Несмотря на такие попытки «спасти» марксизм для феминизма, некоторые критики тем не менее полагают, что ключевые положения марксистской теории не являются гендерно нейтральными. Хотя Маркс и не применил их к женщинам, но в любом случае они отражают мужской взгляд на мир (подобно либеральным идеям о разуме, автономии и конкуренции), который не принимает во внимание женские потребности и женский опыт. Так, например, отмечается, что концепция «производительного труда» опирается на мужскую парадигму деятельности, которая игнорирует домашнюю работу женщин. Одновременно акцент на приоритете экономических классовых интересов и противоречий не позволяет учесть возможность объединения всех женщин независимо от их экономического положения (а также игнорирует расовое разделение в обществе). Другие критики утверждают, что вся концепция исторического развития как процесса покорения природы человеком отражает истинно мужской подход, из-за которого сегодня происходит экологический кризис, и стремлению покорить или победить природу противостоит женский подход, основанный на взаимодействии с ней и понимании ее. Защитники марксизма, однако, возражают, что, несмотря на очевидные ограничения, его идеи являются истинными открытиями. Так, Вогел утверждала, что, хотя сам Маркс и не развивал феминистские аспекты своих экономических категорий, они тем не менее содержат необходимые посылки для понимания домашнего труда и роли женщин в капиталистической экономике. Она считает, что при их правильном применении положения Маркса позволяют нам понять, как пролетарская семья и распределение половых ролей внутри нее служат капиталистическим потребностям через «воспроизводство рабочей силы». Это означает, что, хотя и Энгельс мог ошибаться, считая передачу собственности основной экономической функцией семьи и не замечая угнетения женщин в среде рабочего класса, тем не менее причины угнетения по признаку пола в семье и обществе действительно происходят из экономических условий (Vogel 1983; дальнейшее обсуждение этих идей см. в гл.13).

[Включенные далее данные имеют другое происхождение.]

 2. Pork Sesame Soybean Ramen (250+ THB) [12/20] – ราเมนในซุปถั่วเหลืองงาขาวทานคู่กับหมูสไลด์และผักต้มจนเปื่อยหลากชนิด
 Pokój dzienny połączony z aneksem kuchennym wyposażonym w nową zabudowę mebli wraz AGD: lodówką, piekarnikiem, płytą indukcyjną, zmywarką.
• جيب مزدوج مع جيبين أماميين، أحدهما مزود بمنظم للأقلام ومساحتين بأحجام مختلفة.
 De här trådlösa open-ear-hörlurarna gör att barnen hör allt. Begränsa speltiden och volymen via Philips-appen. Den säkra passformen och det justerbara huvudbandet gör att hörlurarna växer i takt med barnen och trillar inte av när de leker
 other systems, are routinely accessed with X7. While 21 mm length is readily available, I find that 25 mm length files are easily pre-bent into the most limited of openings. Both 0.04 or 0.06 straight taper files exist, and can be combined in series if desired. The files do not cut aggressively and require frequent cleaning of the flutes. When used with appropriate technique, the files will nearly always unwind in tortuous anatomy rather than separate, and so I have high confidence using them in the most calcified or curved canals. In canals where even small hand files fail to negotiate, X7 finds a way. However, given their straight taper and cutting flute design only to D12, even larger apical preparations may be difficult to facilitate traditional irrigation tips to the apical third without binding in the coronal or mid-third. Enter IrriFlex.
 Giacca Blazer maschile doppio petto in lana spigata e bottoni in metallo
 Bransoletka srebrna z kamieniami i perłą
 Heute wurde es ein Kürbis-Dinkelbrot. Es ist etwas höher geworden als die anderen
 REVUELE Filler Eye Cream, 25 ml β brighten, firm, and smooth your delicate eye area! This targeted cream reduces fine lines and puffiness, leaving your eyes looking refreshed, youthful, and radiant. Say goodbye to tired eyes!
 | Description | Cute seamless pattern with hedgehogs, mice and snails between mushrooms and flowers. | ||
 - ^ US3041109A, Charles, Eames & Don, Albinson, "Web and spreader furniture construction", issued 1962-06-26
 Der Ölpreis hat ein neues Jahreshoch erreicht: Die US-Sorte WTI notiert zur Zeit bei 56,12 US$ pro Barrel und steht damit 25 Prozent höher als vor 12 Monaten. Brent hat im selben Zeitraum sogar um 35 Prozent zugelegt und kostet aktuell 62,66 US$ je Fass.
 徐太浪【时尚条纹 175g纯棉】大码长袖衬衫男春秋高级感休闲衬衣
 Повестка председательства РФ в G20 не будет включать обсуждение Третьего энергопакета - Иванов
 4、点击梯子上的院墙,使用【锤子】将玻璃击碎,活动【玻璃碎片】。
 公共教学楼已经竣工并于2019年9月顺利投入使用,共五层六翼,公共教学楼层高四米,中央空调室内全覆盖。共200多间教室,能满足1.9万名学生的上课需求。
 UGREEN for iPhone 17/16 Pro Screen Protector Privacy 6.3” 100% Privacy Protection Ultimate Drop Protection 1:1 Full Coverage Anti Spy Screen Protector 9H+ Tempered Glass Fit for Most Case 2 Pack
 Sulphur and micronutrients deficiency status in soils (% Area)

Барретт обнаружила сходные предпосылки феминистской теории в марксистской концепции идеологии и отчуждения и в положениях, изложенных в ранней работе «К еврейскому вопросу» (1843). Для Маркса и Энгельса идеи не были неизменными или неисторичными, а являлись продуктом реальных человеческих жизней и опытов. Любая идеология, по их мнению, это комплекс таких утверждений, в которых содержится попытка понять устройств мира, но которые, будучи увязаны с конкретными классовыми отношениями, могут лишь частично объяснить реальность. Основанная на конкретном опыте, идеология может содержать в себе элементы истины, но в то же время она искажена узкими классовыми интересами и убеждениями. Обычно правящий экономический класс способен навязать свое понимание реальности всему обществу. Поэтому идеология становится важным средством, с помощью которого правящий класс удерживает свою власть, и «мысли господствующего класса являются в каждую эпоху господствующими мыслями»[64]. Как отмечает Барретт, применение этой идеи к пониманию того, как мужчины могли сохранять контроль над женщинами через контроль над их мышлением, очень плодотворно. Однако она предупреждает об опасности прямого перенесения этой концепции в сферу политик пола, которые могут не основываться на экономических отношениях того же плана. Как она пишет, Маркс предлагает нам скорее «догадку, метафору для дальнейших размышлений, но едва ли готовую проработку или теоретическое изложение гендерной идеологии» (Barrett, 1987, р. 53).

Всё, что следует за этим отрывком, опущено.